Checklist for the Safety Briefing

  • Who is the first aider on board? (First aid course recommended)
  • Where is the first aid kit and is it dry?
  • Radio channel and emergency number of the regatta known?
  • Boom commands during gybing agreed ("Ready to gybe", "Gybing")?
  • Behavior after head impact discussed: withdraw from race, no further sailing
  • Safety boat position and approach route known?
  • Helmet rule and helmet condition of all crew checked?

Tip: Practice the boom emergency scenario once per season in training – without time pressure, with coach boat nearby. Those who know the procedure act more safely under stress.

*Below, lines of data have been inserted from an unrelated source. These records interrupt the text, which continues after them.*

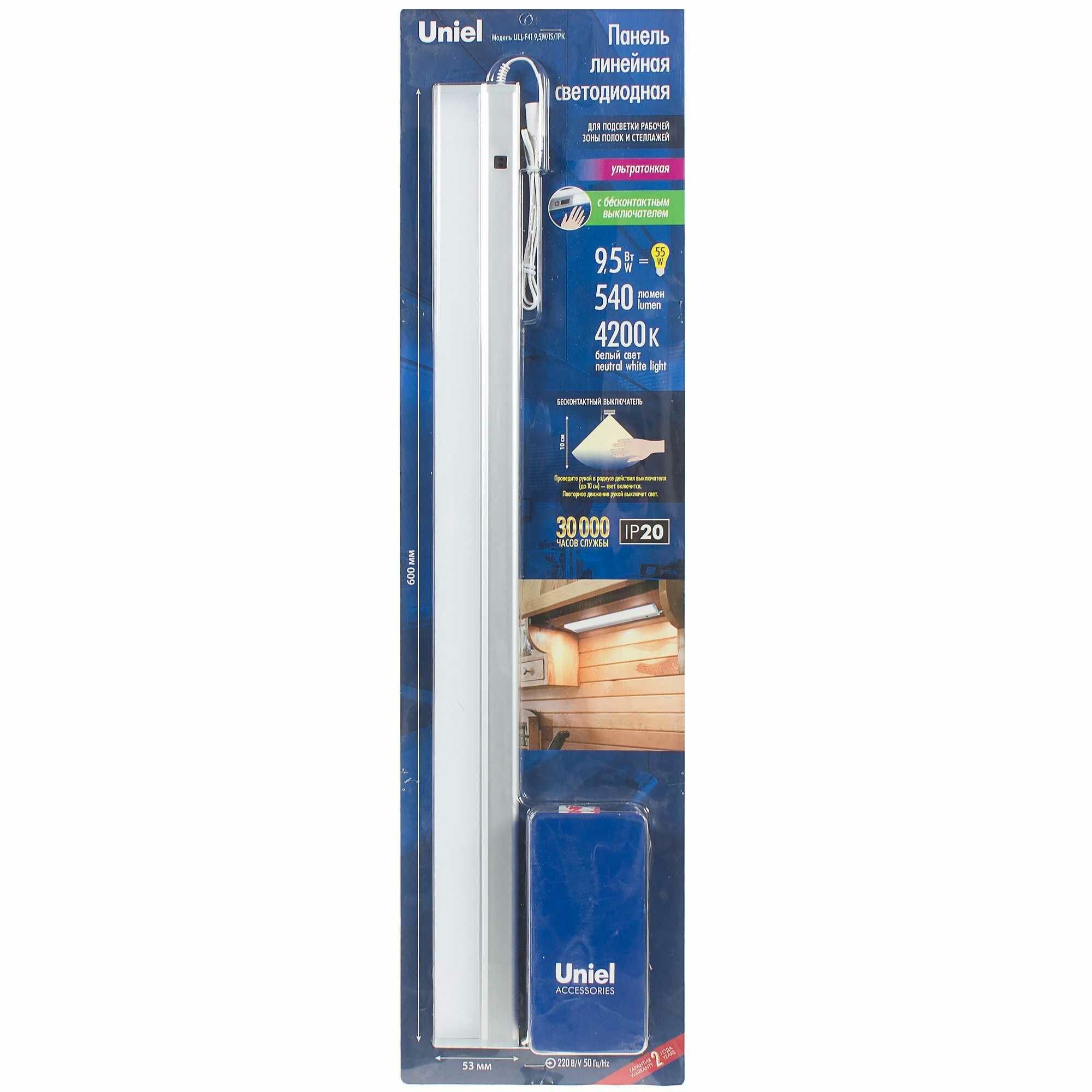 Мебельный светодиодный светильник (UL-00002884) Uniel ULI-F41-9,5W4200K/DIM SENSOR IP20 SILVER
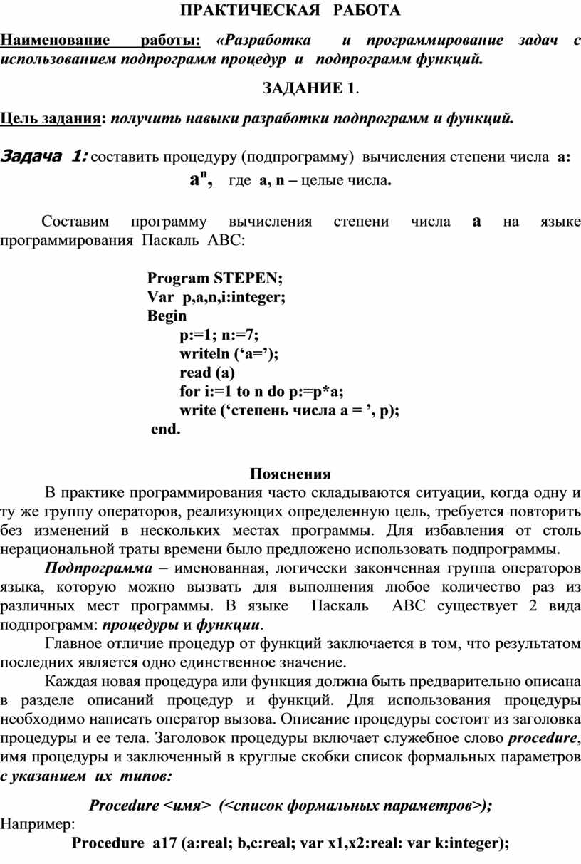 Задача 1: составить процедуру (подпрограмму) вычисления степени числа a:
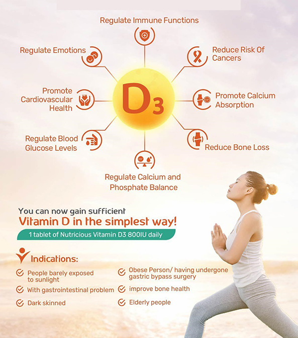 D3-vitamiinin päätehtävät elimistössä ovat kalsiumin ja fosforin imeytymisen parantaminen suolistossa sekä luiden muodostumisen ja ylläpidon edistäminen.
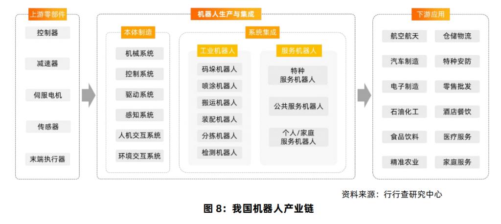 机器人产业链主要分为上游核心零部件研发与生产、中游本体制造和系统集成,以及下游各行各业的具体应用等三方面:
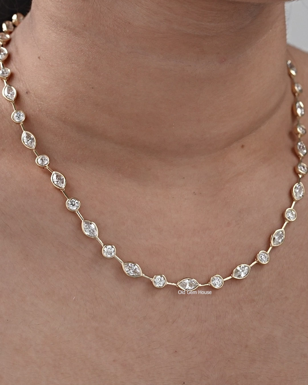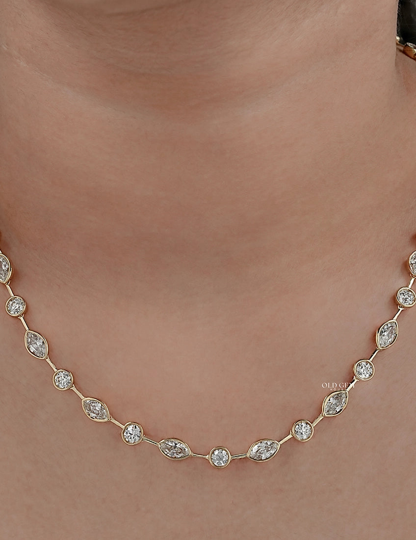 Old Gem House presents this exquisite Old Mine Marquise and OEC Round Bezel Set Necklace, showcasing diamonds of EF color and VS clarity for captivating brilliance. Crafted in 14K Yellow Gold, this elegant wedding necklace embodies timeless elegance and exceptional craftsmanship — a perfect expression of everlasting love and refined style.
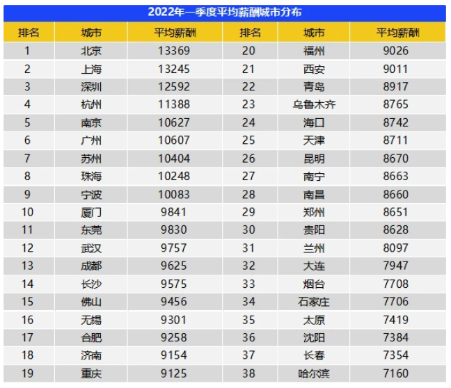 【一季度38个城市平均薪酬10014元】智联招聘发布了2022年第一季度《中国企业招聘薪酬报告》。数据显示,一季度全国38个核心城市平均薪酬为10014元/月。其中北京(13369元/月)、上海(13245元/月)、深圳(12592元/月)和杭州(11388元/月)四地的月薪处于领先地位。
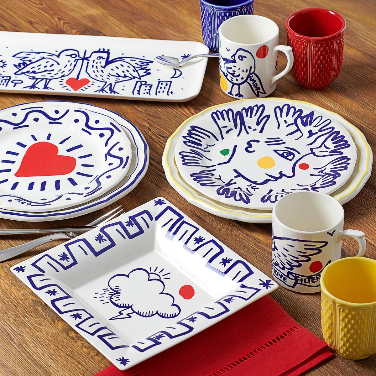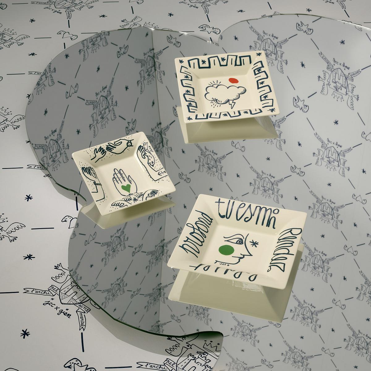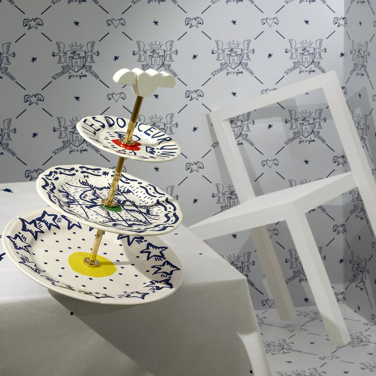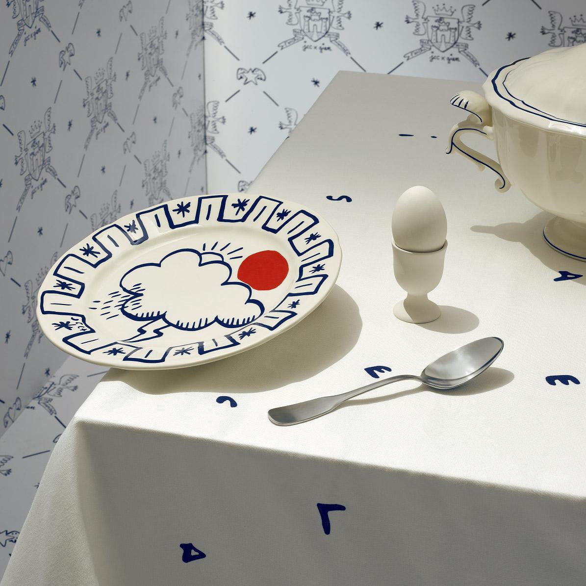 De Castelbajac chose Gien's historic shade of blue as the main colour for his expressionist designs to connect his ideas with the manufactory's long history. Bold colour patches in red, green and yellow add his signature radical colourfulness. Together with the nostalgic nature of faience dinnerware, the décors awaken forgotten memories and feelings from childhood. Flamboyant, radical, emotional – "L'Archipel Sentimental" is a loud yes to life.

Connection to Maneuvers and Equipment

Most head injuries occur during maneuvers with high boom risk. Those who master Tacking and Gybing and respect boom zones reduce the risk – but this does not replace first aid competence.

An approved sailing helmet reduces impact energy and cut risk. After a severe impact the helmet often needs replacing, even without a visible crack. Details on helmet types and standards: Helmets, Shoes and Gloves.

Prevention vs. First Aid

Prevention

  • Wear and check helmet
  • Boom protocol and crew commands
  • Clear safety zones when gybing
  • Maneuver training in light wind

First Aid

  • Immediate measures after impact
  • Symptom observation every 5 minutes
  • Race withdrawal if suspected
  • Medevac and clinical assessment

Frequently Asked Questions About First Aid for Head Trauma

Do I need to see a doctor after every minor bump to the head?

After every impact to the head – even with a helmet – medical assessment should be obtained. Symptoms can appear with delay; this applies especially to children and adolescents.

Can the injured person sleep after the accident?

In the first hours after severe head trauma the injured person should be observed. With persistent loss of consciousness, vomiting, or neurological deficits: emergency. When in doubt, contact emergency services.

What does the race committee say about withdrawal due to head injury?

Health comes before scoring. Most notices of race allow withdrawal for medical reasons; document the incident for possible redress applications to the race committee.

How long is the break after a concussion?

Highly individual – from days to months. There is no standard timeframe; medical clearance after a symptom-free course is decisive.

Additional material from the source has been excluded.